Reagan Ramsey — mother and middle school teacher extraordinaire — knows how to hold it together in the face of adversity. In the aftermath of her husband’s death from cancer, Reagan is doing everything she can to help her two children process their father’s passing while trying to sort out what a ‘new normal’ looks like for their family. The loss proves especially difficult for her seven-year-old daughter, Lizzie, who has a dual diagnosis of Down syndrome and autism and is nonverbal. Lizzie’s father had been her protector, a hands-on parent since the day she was born, and in his absence, her behavior becomes increasingly challenging as she struggles to express her feelings of loss and confusion.

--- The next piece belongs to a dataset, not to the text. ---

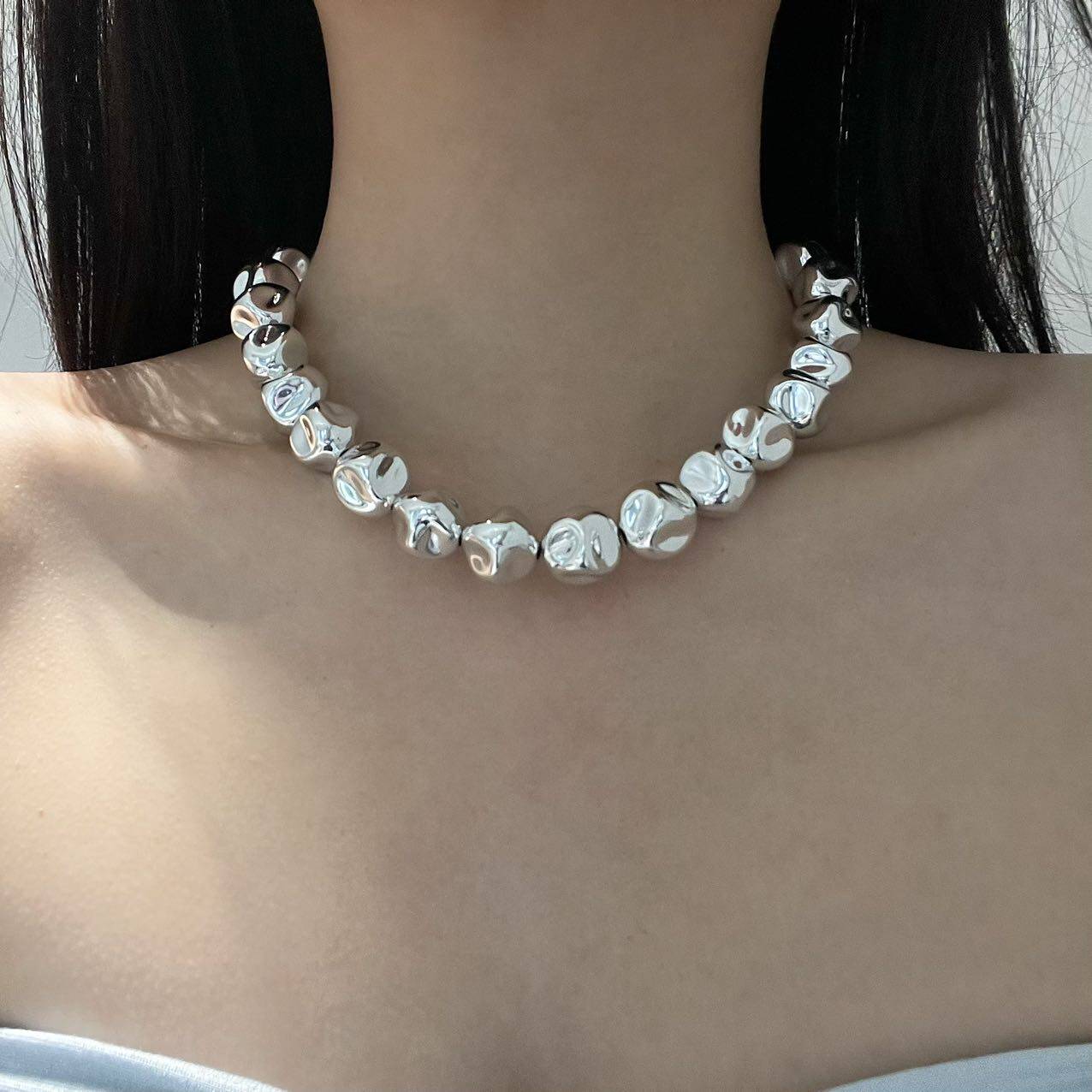 欧美复古不规则串珠圆珠长项链女时尚长款choker百搭锁骨链毛衣链

But when a random encounter puts Reagan in the crossfire of a drive-by shooting — an event that shakes the foundation of her community — she suddenly becomes an involuntary key witness to a murder that turns her world, and her sense of safety, upside down. Trapped between protecting her family and helping to bring the killer to justice, Reagan’s sense of right and wrong is tested like never before. As fear and shame threaten to break Reagan, she must learn to rely on her own conscience and her community for the strength to put her life on the line for those she loves. A piercing examination of how grief and gun violence reshape families and communities, Owl in the Oak Tree is a suspenseful story of love and redemption.

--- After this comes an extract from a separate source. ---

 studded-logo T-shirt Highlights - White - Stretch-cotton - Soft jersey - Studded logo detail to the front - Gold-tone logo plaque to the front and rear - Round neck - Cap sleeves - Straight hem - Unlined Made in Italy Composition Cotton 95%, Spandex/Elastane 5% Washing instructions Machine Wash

The Cottage at the Inn in Rhode Island by Judy Prescott Marshall
Julie and Dan Holliday are building their dream home – a farmhouse in Julie’s favorite harborside – Point Judith, Rhode Island. Finally, after thirty years, the Hollidays are going on their honeymoon. In Italy, they meet a retired librarian, Carmela, who thinks she inherited a small villa in Umbria. She is confused, unsure, and wondering if she made the right decision in the first place, but then she meets Julie and discovers hope.

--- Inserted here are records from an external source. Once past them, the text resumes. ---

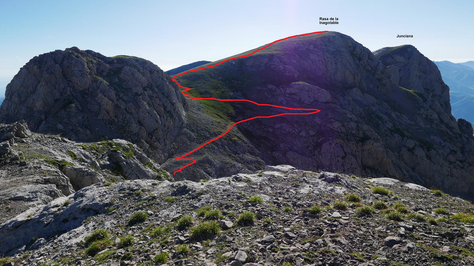 Se toma el lomo que lleva hacia el collado del Mojón, entre la Rasa y el pico Grajal de Abajo, pero bastante antes del collado salgo de la senda hacia la izquierda (2135m 1h48′) para ascender la Rasa de la Inagotable (2282m 1h57′). Desde su cima desciendo directamente al collado del Mojón (2205m 2h06′), rodeo el Grajal de Abajo por el sur. Aquí hay un punto confuso porque parece que hay una senda que bordea por las paredes rocosas, pero tengo que retroceder y ascender a un collado SW del Grajal de Abajo (2198m 2h22′) para seguir por la cresta hacia el SW, pasando por el pico Grajal de Arriba (2349m) y luego girando hacia el sur para esquivar la cima de la Pica del Jierro por su izquierda, alcanzando el collado entre la Pica del Jierro y la prolongación norte de la Morra de Lechugales. En todo momento hay que intentar buscar los puntos de pintura roja.
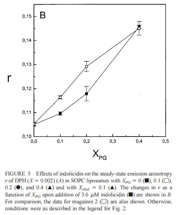虽然荧光光谱显示,马盖宁2和吲哚西啶对脂质动力学的影响存在明显差异,但也存在一些明显的相似之处。因此,DPH各向异性r的增加表明,在存在酸性磷脂的情况下,这两种肽都会导致酰基链顺序的增加,这种影响的程度随着XPG的增加而增加(图3b和5b)。同样,在胆固醇存在的情况下,两种肽对芘荧光的有效猝灭也很明显(图2a和4a)。这可能与胆固醇的OH基团和马盖宁的E19残基之间的相互作用有关(Tytler等人,1995年),该肽在膜中具有跨膜取向。当Xchol=0.1时,r值的增加是由于吲哚西丁所致,而马加宁则无影响。这表明,在胆固醇存在的情况下,吲哚肽可能采用跨双层取向,其长轴垂直于双层平面。
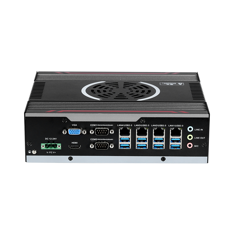 外觀時(shí)尚 : 鋁合金一體成型,結(jié)構(gòu)緊湊,MiNi小巧,工藝精細(xì),科技時(shí)尚高性能 : 支持65W及以下6/7/8/9 代1151 Intel Core i7/i5/i3 系列處理器穩(wěn)定可靠 : 純工業(yè)設(shè)計(jì),強(qiáng)勁解熱熱管與純銅一體化的優(yōu)良散熱結(jié)構(gòu),全密封鋁合金箱體,大面積鋁鰭散熱,可實(shí)現(xiàn)橫向與豎向等多種放置的自然對(duì)流散熱,機(jī)箱可抗接觸式6KV強(qiáng)電磁干擾,DC12V-24V寬壓輸入接口豐富 :4*LAN(Intel),6*COM,24*GPIO(12*GPI,12*GPO,帶隔離),7*USB3.0+1*USB2.0,1*VGA,1*HDMI,1*遠(yuǎn)程開(kāi)關(guān),1*一鍵還原,1*一鍵備份,1*SIM槽,1*LINE IN,1*LINE OUT,1*MIC,1*2.5寸硬盤(pán)位,1*M.2(KEY-M,2280,PCIEx4 NVME與SATA自適應(yīng)),1*M.2(KEY-B,3042/3052,PCIE+USB3.0支持4G/5G),1*MINI PCIE(全高,PCIE+USB2.0信號(hào),支持WiFi/BT)

After spending three glorious weeks in Italy, sightseeing, eating mouth-watering meals and making passionate love, Dan and Julie are happier than they have ever been. Until they arrive back home, and discover one of them has been diagnosed with a life-threatening disease that results in encephalophagy affecting brain functioning. Everyone must come together to combat this silent killer before it is too late.
A Million Ways: Stories of Motherhood by Gina Andrew
Mothers are as varied and unique as fingerprints. The 12 stories in this new collection of women’s fiction run the scale of human emotions from the triumph of a contemporary mother carving her own path to the heartbreak of a Depression-era woman’s sacrifices. It includes a story, “Everything Left Unsaid,” about a mother’s difficulty communicating with her daughter, a nonverbal autistic girl, along with her memories of the communication gap she had with her own mother. Through an old recipe box and a cake recipe, she begins to see that love goes beyond words.
The stories may enrage you, or make you weep or laugh — or miss your mom — but you may also find a mirror for your own experiences. In “Everything Left Unsaid,” the mom of a nonverbal autistic girl follows a family recipe and discovers that love can be expressed in a multitude of ways.